Companies reporting increased productivity among remote workers share certain approaches.

  • A positive organisational atmosphere, underscored by company culture, is bound to reflect in a positive, can-do atmosphere in employees’ home offices.
  • With employees being immersed around the clock in their family settings, the traditional family values of love and caring tend to be transferred to the work setting as well – they want to be seen as ‘whole people’ whose wellbeing is genuinely important to the organisation. In the face of physical disconnection, increased emotional connection translates into greater loyalty and, hence, greater productivity.
  • A feeling of camaraderie tends to make people want to give their best. This can be enhanced by emphasising shared values and creating a powerful mission.
  • Strong leadership, especially during times of hardship, is a great driver of productivity. Employees demand a top structure who can show the way, make decisions and support them. Trust in leadership yields more positive results than any form of coercion. This is especially true when employees work away from the office environment and have to rely on online communication.
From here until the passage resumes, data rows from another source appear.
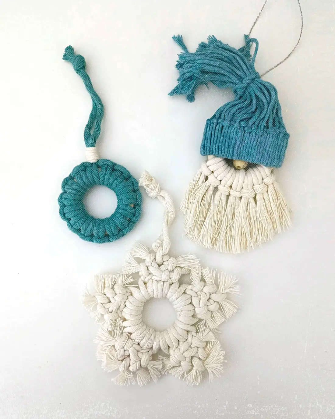 Set 3 Adornos de Navidad en Macramé Hechos a Mano
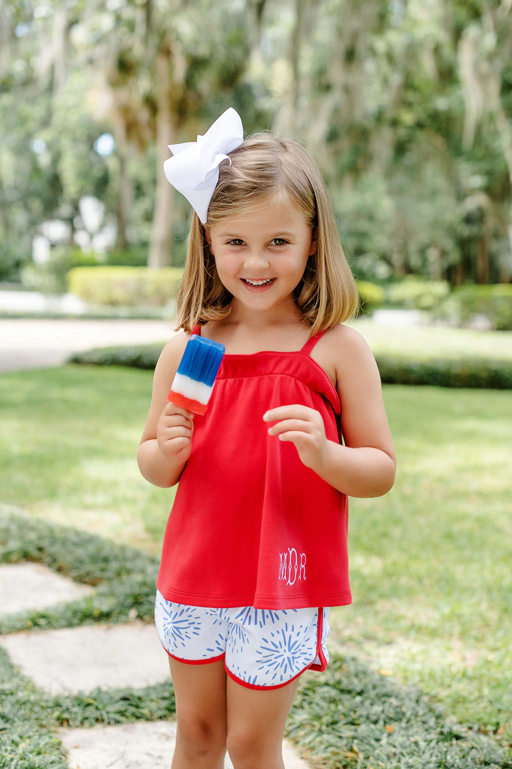 Her favorite shorts our back in a darling new print! Our Cheryl Shorts in Boom Sizzle Pop with Richmond Red comes in a heavy weight pima so your little lady can run around from activity to activity all summer long.
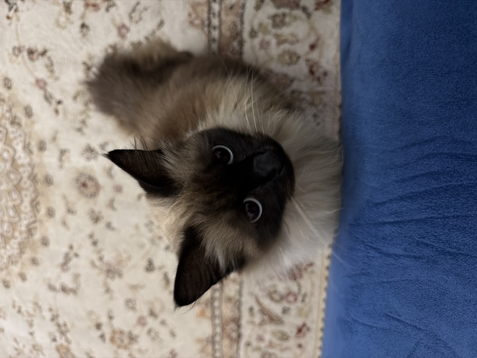 - "A Siamese cat lies on a patterned rug beside a blue couch" by FM-vA9lX2, licensed under CC BY 4.0
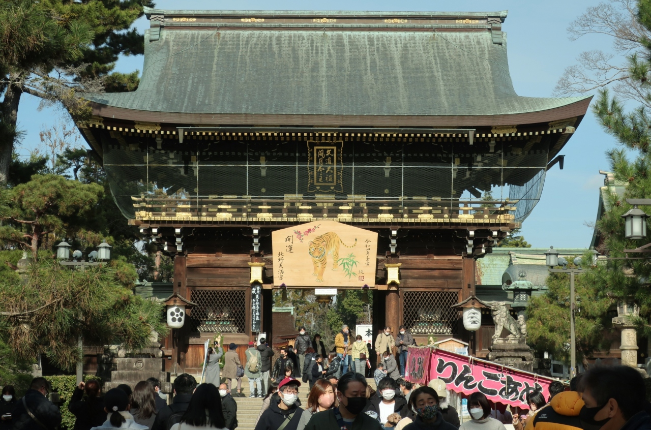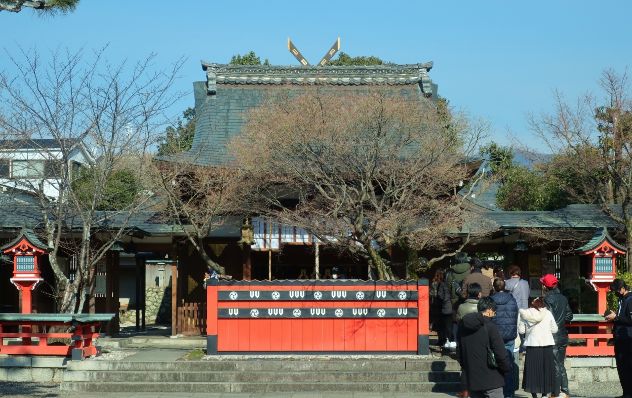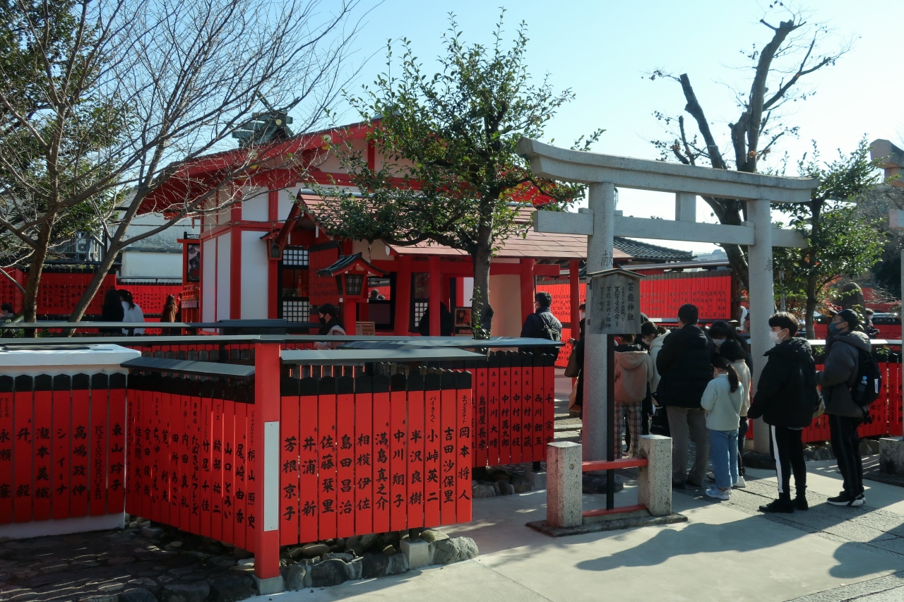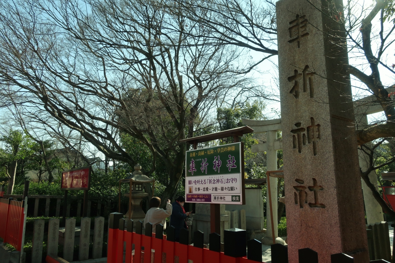 一月の三連休に参拝したが、初詣と思しき人々が参道に列をつくるほど大人気だった。かなりPRに熱心で、ネット上でもコメントが行き交う。お守りなどの授与品、神社のパワースポット化にも成功。境内摂社の芸能神社の人気も相まって、若年層の参拝客も多い。変わった社名だが、いにしえの伝説に由来する。嵯峨天皇が社前を通った際、牛車の軸が折れたことから、門前右側の石を「車折石」と呼んで、祭神に車折大明神の神号を贈った。嵐電の駅が神社のすぐ近くにあり、寄り付きはとてもいい。
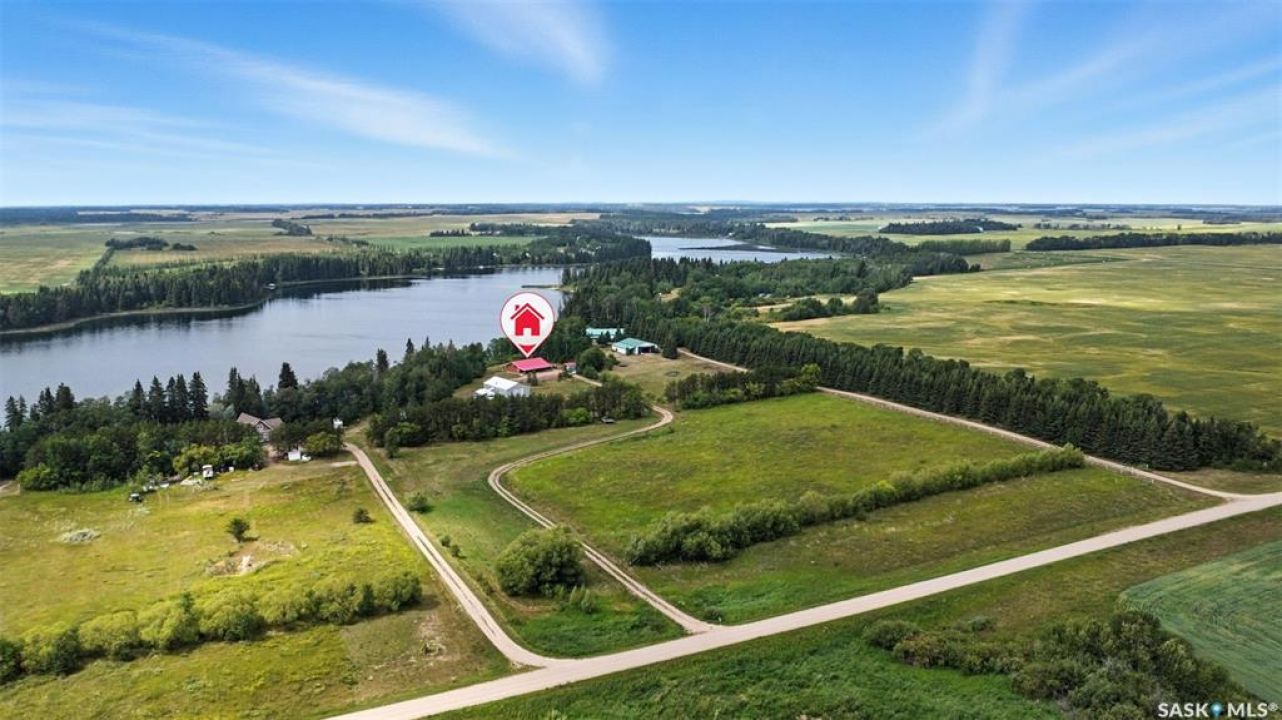 Welcome to this one and kind waterfront private acreage located at Fish Lake, SK offers a serene and picturesque setting. The property spans across 4.99 acres The house was built in 2016 and boast over 1800 sq ft with three spacious bedrooms. The open concept kitchen has plenty of cupboard and counter space with island. Master bedroom has 5pc bathroom! House is equipped with in floor radiant heat and wood burning stove for supplement heat. Head on out the living room door to back deck overlooking the lake. The property numerous outbuilding for storage and wood cutting station. The house is equipped with a well and a septic tank. The property has large heated shop measuring 33 X 38 and heated attached garage. There is no public reserve on the lake front and the well is under ground spring fed.

  • On a more practical level, it is important to provide employees with the right tools, such as online document sharing rather than relying on email communication. This will ensure better version and ownership control. Consolidate workflows and procedures to streamline tasks and reduce software and IT maintenance. Collaborative tools such as Google Drive, Zoom or MS Teams will pull together a team and help with the organisation of content.
  • A social intranet allows team members to discuss work and collaborate in real time, enhancing their contributions and cutting down on time wastage. Just make sure it is well organised and everything is easy to find.
  • Shared calendars make for more productive use of time.


Remote working, if managed correctly, can boost productivity and, so, profitability. It will not happen by itself, though, based on traditional office-bound practices – its success will depend on how well the organisation applies productivity-boosting strategies.